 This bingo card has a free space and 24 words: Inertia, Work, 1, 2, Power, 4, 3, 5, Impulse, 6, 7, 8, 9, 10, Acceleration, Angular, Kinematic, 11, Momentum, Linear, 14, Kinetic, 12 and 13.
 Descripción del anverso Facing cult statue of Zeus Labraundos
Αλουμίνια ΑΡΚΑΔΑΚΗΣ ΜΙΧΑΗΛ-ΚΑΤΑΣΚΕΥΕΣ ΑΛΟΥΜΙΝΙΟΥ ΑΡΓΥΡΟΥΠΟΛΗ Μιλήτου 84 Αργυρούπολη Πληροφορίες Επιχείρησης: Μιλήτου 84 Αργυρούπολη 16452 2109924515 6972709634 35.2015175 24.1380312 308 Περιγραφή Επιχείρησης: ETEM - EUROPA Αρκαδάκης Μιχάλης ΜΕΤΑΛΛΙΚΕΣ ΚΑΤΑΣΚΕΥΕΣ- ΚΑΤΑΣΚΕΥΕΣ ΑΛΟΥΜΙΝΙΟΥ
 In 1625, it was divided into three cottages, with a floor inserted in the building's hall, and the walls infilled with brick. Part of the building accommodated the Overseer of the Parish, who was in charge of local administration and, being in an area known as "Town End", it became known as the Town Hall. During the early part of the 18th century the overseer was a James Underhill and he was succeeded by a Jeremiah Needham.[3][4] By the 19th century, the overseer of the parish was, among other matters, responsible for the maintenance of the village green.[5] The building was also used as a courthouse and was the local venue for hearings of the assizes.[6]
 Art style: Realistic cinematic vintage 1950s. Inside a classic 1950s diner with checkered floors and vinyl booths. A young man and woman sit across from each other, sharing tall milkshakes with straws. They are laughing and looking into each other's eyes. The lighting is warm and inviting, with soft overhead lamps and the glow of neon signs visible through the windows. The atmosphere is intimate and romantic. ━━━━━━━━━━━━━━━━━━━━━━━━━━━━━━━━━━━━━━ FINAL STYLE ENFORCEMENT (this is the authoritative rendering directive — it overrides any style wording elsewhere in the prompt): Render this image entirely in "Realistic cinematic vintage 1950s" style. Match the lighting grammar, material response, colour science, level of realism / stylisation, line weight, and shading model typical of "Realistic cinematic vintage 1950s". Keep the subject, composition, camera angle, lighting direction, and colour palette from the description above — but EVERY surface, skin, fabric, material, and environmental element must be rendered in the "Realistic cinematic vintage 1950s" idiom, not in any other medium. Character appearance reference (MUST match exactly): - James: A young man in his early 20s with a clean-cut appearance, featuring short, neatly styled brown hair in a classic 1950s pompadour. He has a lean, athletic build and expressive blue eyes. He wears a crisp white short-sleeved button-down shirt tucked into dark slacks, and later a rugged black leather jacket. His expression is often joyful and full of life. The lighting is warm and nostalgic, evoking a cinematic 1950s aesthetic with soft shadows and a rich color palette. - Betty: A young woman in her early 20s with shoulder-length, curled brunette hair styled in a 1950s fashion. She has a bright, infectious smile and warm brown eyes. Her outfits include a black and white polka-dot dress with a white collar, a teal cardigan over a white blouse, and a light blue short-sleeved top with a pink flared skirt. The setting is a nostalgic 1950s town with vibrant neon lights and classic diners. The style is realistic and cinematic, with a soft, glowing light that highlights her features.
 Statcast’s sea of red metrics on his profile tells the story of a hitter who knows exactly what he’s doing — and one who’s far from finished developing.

▶ What is being asked:
The answer should be an exact reproduction of all the entries.

▶ Response below:
 This bingo card has a free space and 24 words: Inertia, Work, 1, 2, Power, 4, 3, 5, Impulse, 6, 7, 8, 9, 10, Acceleration, Angular, Kinematic, 11, Momentum, Linear, 14, Kinetic, 12 and 13.
 Descripción del anverso Facing cult statue of Zeus Labraundos
Αλουμίνια ΑΡΚΑΔΑΚΗΣ ΜΙΧΑΗΛ-ΚΑΤΑΣΚΕΥΕΣ ΑΛΟΥΜΙΝΙΟΥ ΑΡΓΥΡΟΥΠΟΛΗ Μιλήτου 84 Αργυρούπολη Πληροφορίες Επιχείρησης: Μιλήτου 84 Αργυρούπολη 16452 2109924515 6972709634 35.2015175 24.1380312 308 Περιγραφή Επιχείρησης: ETEM - EUROPA Αρκαδάκης Μιχάλης ΜΕΤΑΛΛΙΚΕΣ ΚΑΤΑΣΚΕΥΕΣ- ΚΑΤΑΣΚΕΥΕΣ ΑΛΟΥΜΙΝΙΟΥ
 In 1625, it was divided into three cottages, with a floor inserted in the building's hall, and the walls infilled with brick. Part of the building accommodated the Overseer of the Parish, who was in charge of local administration and, being in an area known as "Town End", it became known as the Town Hall. During the early part of the 18th century the overseer was a James Underhill and he was succeeded by a Jeremiah Needham.[3][4] By the 19th century, the overseer of the parish was, among other matters, responsible for the maintenance of the village green.[5] The building was also used as a courthouse and was the local venue for hearings of the assizes.[6]
 Art style: Realistic cinematic vintage 1950s. Inside a classic 1950s diner with checkered floors and vinyl booths. A young man and woman sit across from each other, sharing tall milkshakes with straws. They are laughing and looking into each other's eyes. The lighting is warm and inviting, with soft overhead lamps and the glow of neon signs visible through the windows. The atmosphere is intimate and romantic. ━━━━━━━━━━━━━━━━━━━━━━━━━━━━━━━━━━━━━━ FINAL STYLE ENFORCEMENT (this is the authoritative rendering directive — it overrides any style wording elsewhere in the prompt): Render this image entirely in "Realistic cinematic vintage 1950s" style. Match the lighting grammar, material response, colour science, level of realism / stylisation, line weight, and shading model typical of "Realistic cinematic vintage 1950s". Keep the subject, composition, camera angle, lighting direction, and colour palette from the description above — but EVERY surface, skin, fabric, material, and environmental element must be rendered in the "Realistic cinematic vintage 1950s" idiom, not in any other medium. Character appearance reference (MUST match exactly): - James: A young man in his early 20s with a clean-cut appearance, featuring short, neatly styled brown hair in a classic 1950s pompadour. He has a lean, athletic build and expressive blue eyes. He wears a crisp white short-sleeved button-down shirt tucked into dark slacks, and later a rugged black leather jacket. His expression is often joyful and full of life. The lighting is warm and nostalgic, evoking a cinematic 1950s aesthetic with soft shadows and a rich color palette. - Betty: A young woman in her early 20s with shoulder-length, curled brunette hair styled in a 1950s fashion. She has a bright, infectious smile and warm brown eyes. Her outfits include a black and white polka-dot dress with a white collar, a teal cardigan over a white blouse, and a light blue short-sleeved top with a pink flared skirt. The setting is a nostalgic 1950s town with vibrant neon lights and classic diners. The style is realistic and cinematic, with a soft, glowing light that highlights her features.
 Statcast’s sea of red metrics on his profile tells the story of a hitter who knows exactly what he’s doing — and one who’s far from finished developing.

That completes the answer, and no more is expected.